Tuesday, December 4, 2012

Deneme yanilma

yontemiyle ideal calisma saatlerini ve mekanlarini bulmaya calisiyorum. Gec yatip, gec kalkmanin yaninda (2.30-10.20) gunun ilk ucte birlik kismini evde kitap okuyarak ve calisarak geciriyorum. Bu arada odamdan disardaki hava durumunu seyrediyor, gunessiz havalara bu kadar kolay uyum saglamis olmama hayretle bakiyorum. Beklentilerin tepkilerimizi ne kadar sekillendirdiginin bir ispati daha. Kahvalti aralarinda da Cinli  bir belgesel kanali seyrediyorum. Saat dort'u gecerken kendime ufak ve hizlica bir ceki duzen verip, enstituye dogru yola koyuluyorum ve o yol suresince gunessiz aksam uzerinin hafif ve serin ruzgarlarina opturuyorum yuzumu. Yurudukce guzellesiyorum. Gununu bitirirken Christmas market'te sicak sarap yudumlayan insanlarin sevinci, havaya yayilan sicak waffle kokulari ve memnun insan kosusturmacalari icimdeki huzura tatli bir mutluluk ekliyor.

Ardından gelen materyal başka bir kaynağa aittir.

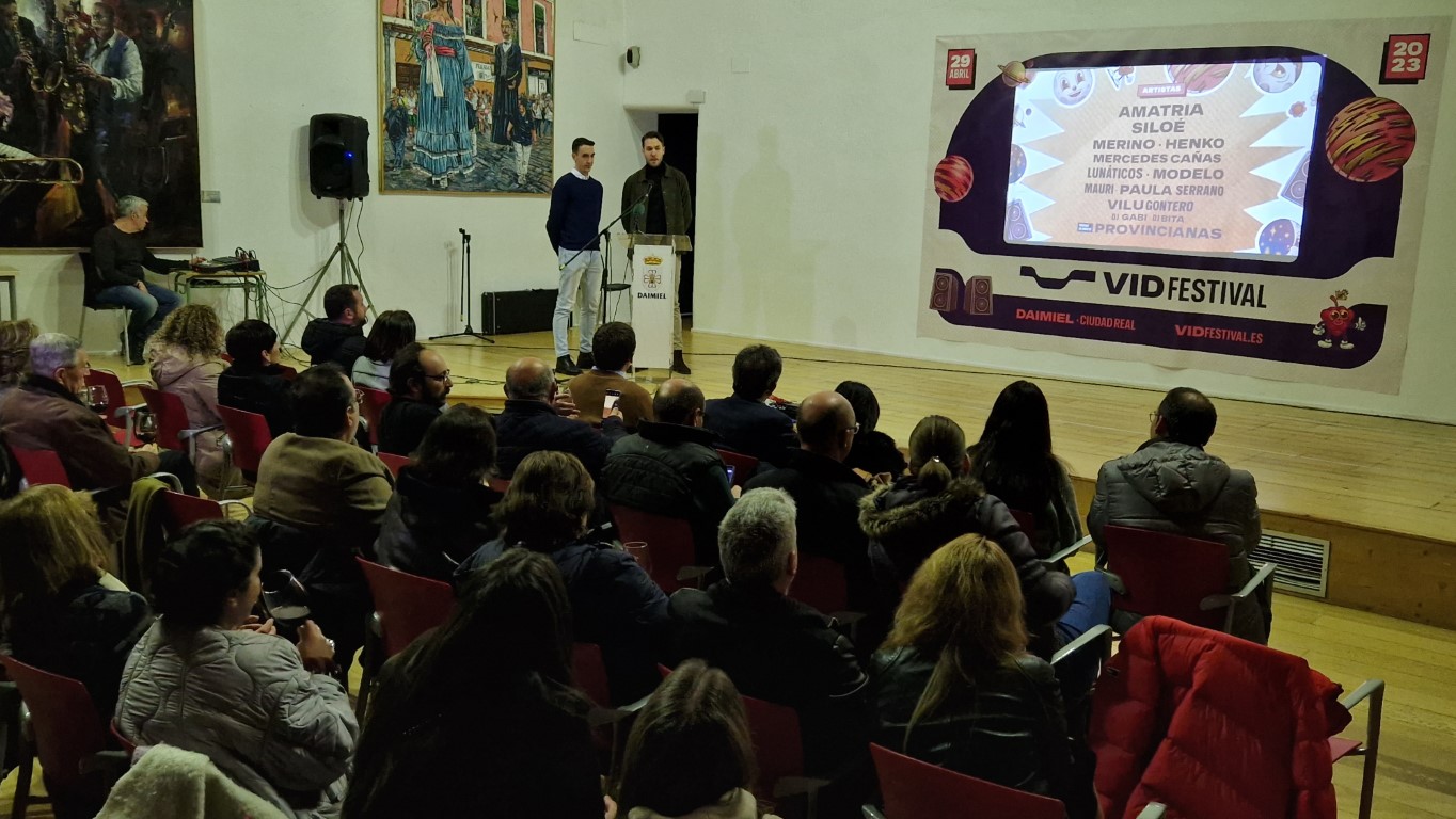 El Museo Comarcal de Daimiel acogió este jueves la presentación de Vid Festival, propuesta encabezada por los daimieleños Mario García-Muñoz Sánchez-Camacho y Pedro Díaz-Pinés Villegas. La apuesta por el talento musical local y regional, y su maridaje con el vino y la gastronomía manchega son las principales señas de identidad de este nuevo festival que se celebrará el 29 de abril de 2023 en el Auditorio Municipal y Recinto Ferial de Daimiel.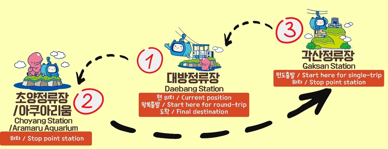 - 편도 탑승권은 각산정류장에서만 이용가능하며, 승차장에 도착하여 대기한 순으로 탑승하고 대방정류장에서 하차합니다.
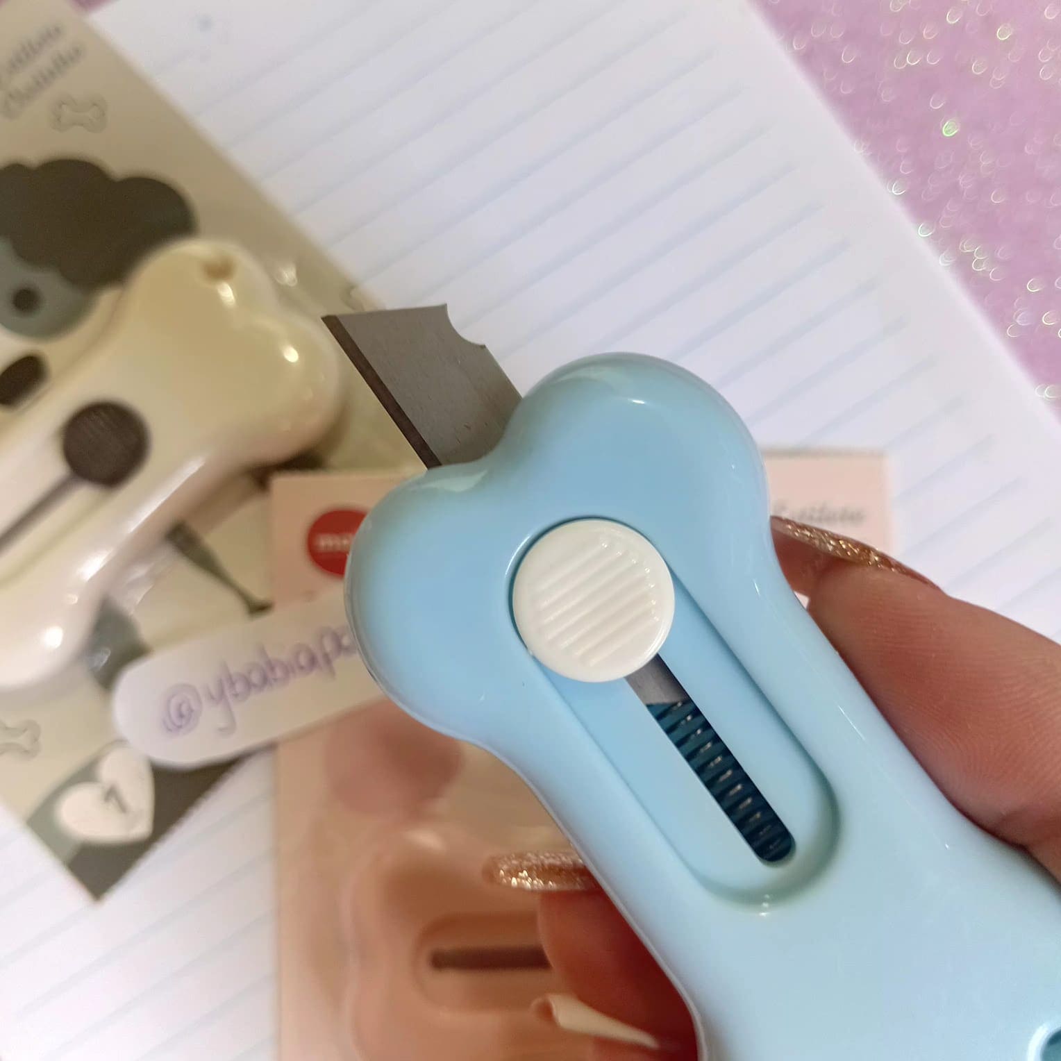 O mini estilete em formato de ossinho é retrátil e possui lâmina 9mm, ideal para cortar papéis, adesivos, embalagens e pequenos materiais do dia a dia. Compacto e leve, cabe no estojo ou na bolsa e deixa o cantinho de estudos cheio de personalidade.

Binanin merdivenlerini hizli hizli cikip, internete bir an once yetismeye calisiyorum , medeniyete yani e-maillerime kosusturuyorum. Ofise ulastigimda kosturmus olmanin ve sogugun etkisiyle dolasim sitemimin harekete gecmis oldugunu farkediyorum. Birileri odama geliyor, ona o pozitif enerjiden saciyorum. o aldikca daha fazla komiklesiyorum, guluyorum, anlatiyorum, avimi ayni enerji ile zehirlemeden birakmiyorum sanki.
Sonra internette yapmayi sevdigim seyleri sirayla yapiyorum, ardindan yapilmasi gereken sorumluluklari ertesi bir zamana erteleyip aksam 9-10 gibi evin yolunu tutuyorum. Televizyona bakarak cekirdek citliyorum bir sure, sonra saldiriyorum Istatistik kitabina ya da Karamazov Brothers'a. Ertesi gunden iki saat daha caliyorum ve o iki saat benim gunumun en verimli saatleri oluyor. Sonra uyumak ihtiyaci yavas yavas belirmeye baslayinca, kitaplari kapatip, basimi yastiga koyuyorum, aklima guzel hayaller kurarak uyumak fikri geliyor ve oyle yapiyorum. Uyuduktan tam yarim saat sonra adet oldugu uzre kendiliginden uyaniyorum, sonra kendimi tekrar uykuya birakiyorum ve bu kez deliksiz uyuyorum, sabahin ikinci yarisini coktan gecene kadar.

Sunday, December 2, 2012

when

you have a genuinely western mind and a delicately eastern heart, that's where all confusion starts. That's also why we have been confused for so long and will continue being, as our lives permit.

Saturday, December 1, 2012

Hayati,

ufacik ve ender bir kosesinden bir baska kosesine bakarak anlamaya kalkarken, ne bilebilirim hayata dair, insanliga dair, herkesin herseyi nasil basarabildigine dair...
Farkina varildigim sey ise: yasamadigim hayati abarttigim ve aslinda onun cok daha basit yasandigi. Dedikleri gibi kafamdaki bunca karisiklik o idealardan mi?  halbuki kafam hic karisik degil, ancak ki karar vermek gerektiginde, yani dunya onume secenekler sundugunda hicbirine gidemiyorum. Demek ki var bir yerde bir tikaniklik. Hakkimda konusanlari dinliyorum ve neden bahsettiklerini anlamaya calisiyorum ama yine ikna olmuyorum hayatin tahmin ettigimden daha basit olduguna ve oyle yasanmasi gerektigine. Ve kendimi rahatlatiyorum, bu kadar basit halini yasamayarak cok seyler kaybetmekte olmadigima. Tek komik olan ise, bazen dargin olmak o "basit" hayata,  sanki baska "ulu" bir hayatmis da elinde olan seyi senden esirgemis gibi.